EXERCISE PROMPT:
Look below for the line with "さっそく芽を観察し,観察カー" and the line with "株式会社イーディス(本社:東". Copy exactly those two lines and every line between, but not the pictures.

INPUT DATA:
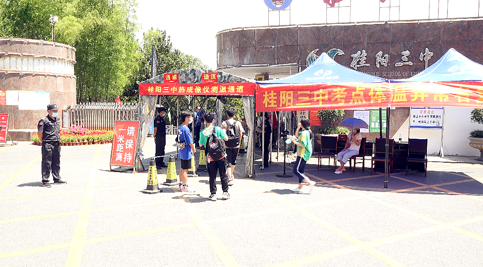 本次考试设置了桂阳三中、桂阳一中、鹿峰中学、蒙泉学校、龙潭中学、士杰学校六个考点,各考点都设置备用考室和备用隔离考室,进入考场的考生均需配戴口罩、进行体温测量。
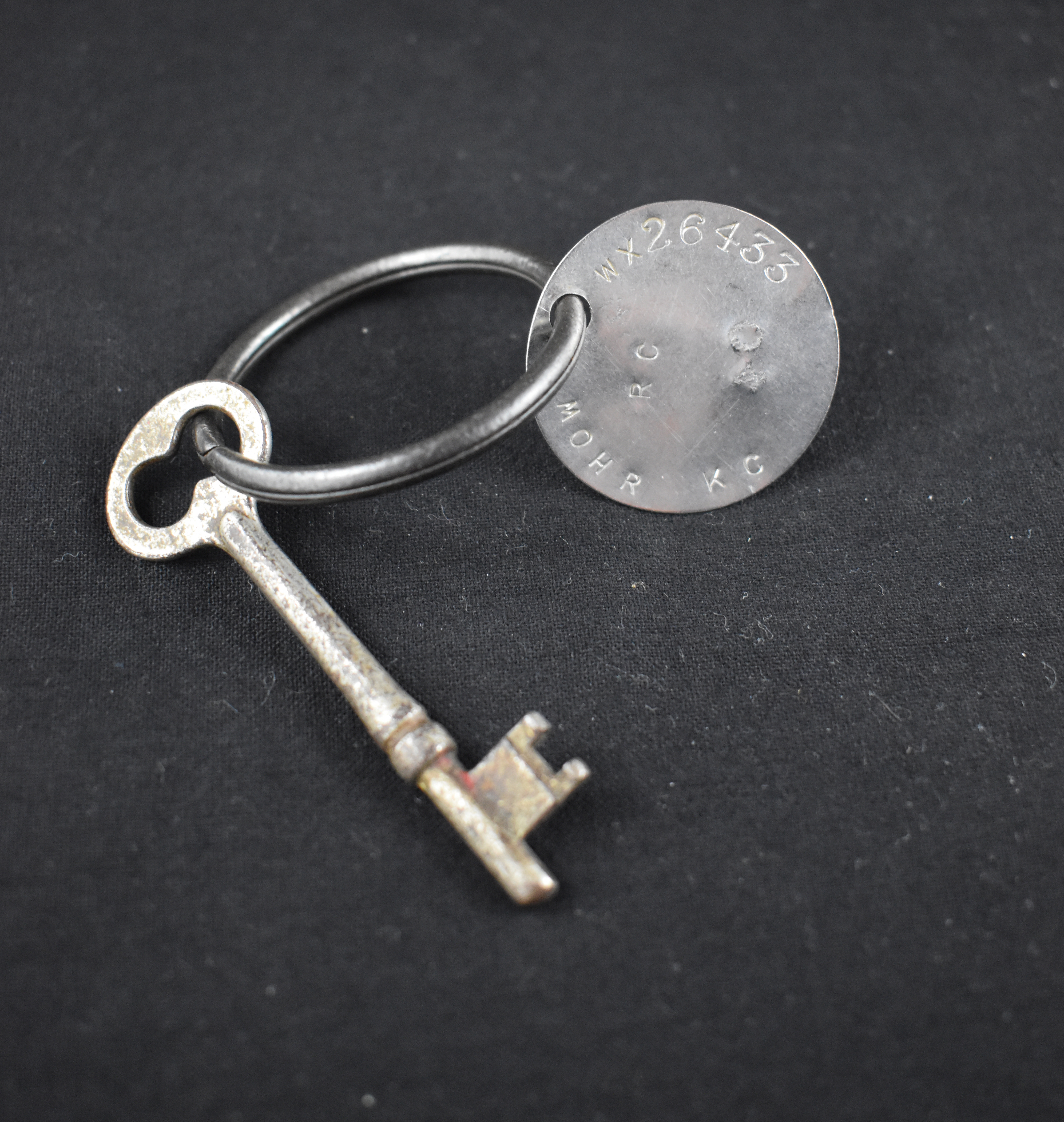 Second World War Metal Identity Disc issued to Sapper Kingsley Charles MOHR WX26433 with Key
...
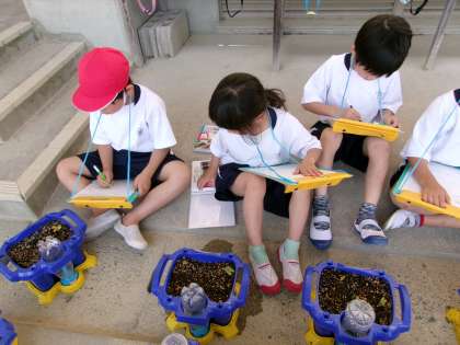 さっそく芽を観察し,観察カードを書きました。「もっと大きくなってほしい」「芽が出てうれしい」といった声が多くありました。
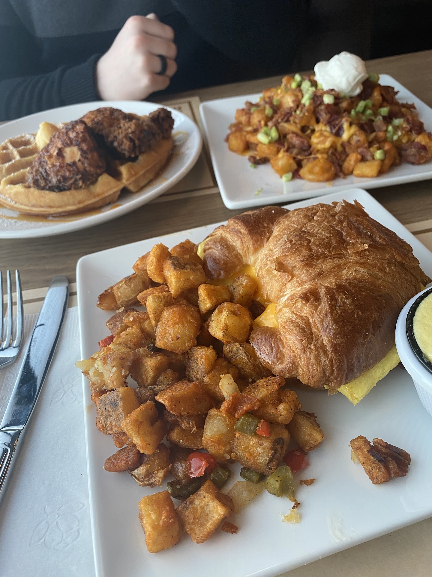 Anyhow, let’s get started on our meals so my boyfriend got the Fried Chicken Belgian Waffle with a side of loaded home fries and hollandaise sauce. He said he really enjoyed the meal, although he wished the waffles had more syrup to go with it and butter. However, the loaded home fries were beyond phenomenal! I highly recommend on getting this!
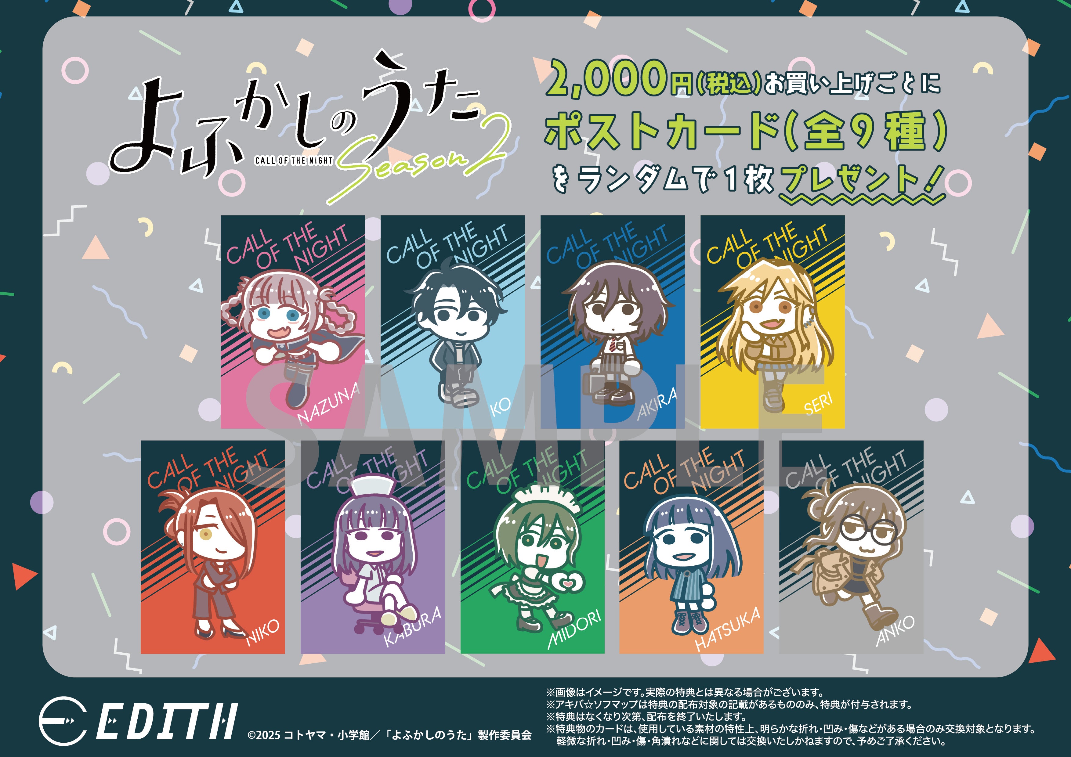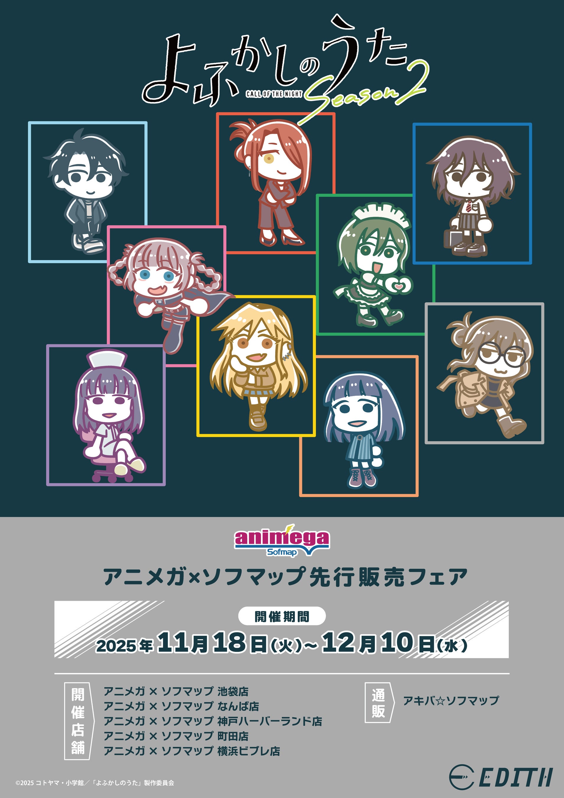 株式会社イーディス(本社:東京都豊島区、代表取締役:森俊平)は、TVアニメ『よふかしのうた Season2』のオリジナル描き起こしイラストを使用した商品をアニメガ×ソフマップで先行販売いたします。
...
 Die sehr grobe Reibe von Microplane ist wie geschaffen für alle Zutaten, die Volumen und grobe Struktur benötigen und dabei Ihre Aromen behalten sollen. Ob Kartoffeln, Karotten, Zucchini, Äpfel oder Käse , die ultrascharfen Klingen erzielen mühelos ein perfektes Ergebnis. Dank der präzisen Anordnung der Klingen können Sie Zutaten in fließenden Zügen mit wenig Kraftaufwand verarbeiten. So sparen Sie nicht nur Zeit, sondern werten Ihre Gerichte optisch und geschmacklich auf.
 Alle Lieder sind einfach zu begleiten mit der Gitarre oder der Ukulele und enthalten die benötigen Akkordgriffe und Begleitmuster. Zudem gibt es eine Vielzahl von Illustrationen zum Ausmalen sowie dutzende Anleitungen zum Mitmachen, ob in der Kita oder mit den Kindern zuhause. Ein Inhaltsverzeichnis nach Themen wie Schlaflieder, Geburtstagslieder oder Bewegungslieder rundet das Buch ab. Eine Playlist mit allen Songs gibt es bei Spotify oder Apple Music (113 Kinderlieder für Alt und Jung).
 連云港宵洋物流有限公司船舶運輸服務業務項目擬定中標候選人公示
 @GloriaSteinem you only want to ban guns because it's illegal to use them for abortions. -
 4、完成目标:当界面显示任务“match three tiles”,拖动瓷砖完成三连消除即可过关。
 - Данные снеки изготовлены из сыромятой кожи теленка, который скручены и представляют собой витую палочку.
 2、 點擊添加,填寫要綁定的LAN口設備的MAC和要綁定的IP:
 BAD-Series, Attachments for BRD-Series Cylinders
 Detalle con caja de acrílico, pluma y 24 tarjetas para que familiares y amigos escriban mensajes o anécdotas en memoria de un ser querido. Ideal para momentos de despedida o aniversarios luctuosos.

RESPONSE:
 さっそく芽を観察し,観察カードを書きました。「もっと大きくなってほしい」「芽が出てうれしい」といった声が多くありました。
 Anyhow, let’s get started on our meals so my boyfriend got the Fried Chicken Belgian Waffle with a side of loaded home fries and hollandaise sauce. He said he really enjoyed the meal, although he wished the waffles had more syrup to go with it and butter. However, the loaded home fries were beyond phenomenal! I highly recommend on getting this!
 株式会社イーディス(本社:東京都豊島区、代表取締役:森俊平)は、TVアニメ『よふかしのうた Season2』のオリジナル描き起こしイラストを使用した商品をアニメガ×ソフマップで先行販売いたします。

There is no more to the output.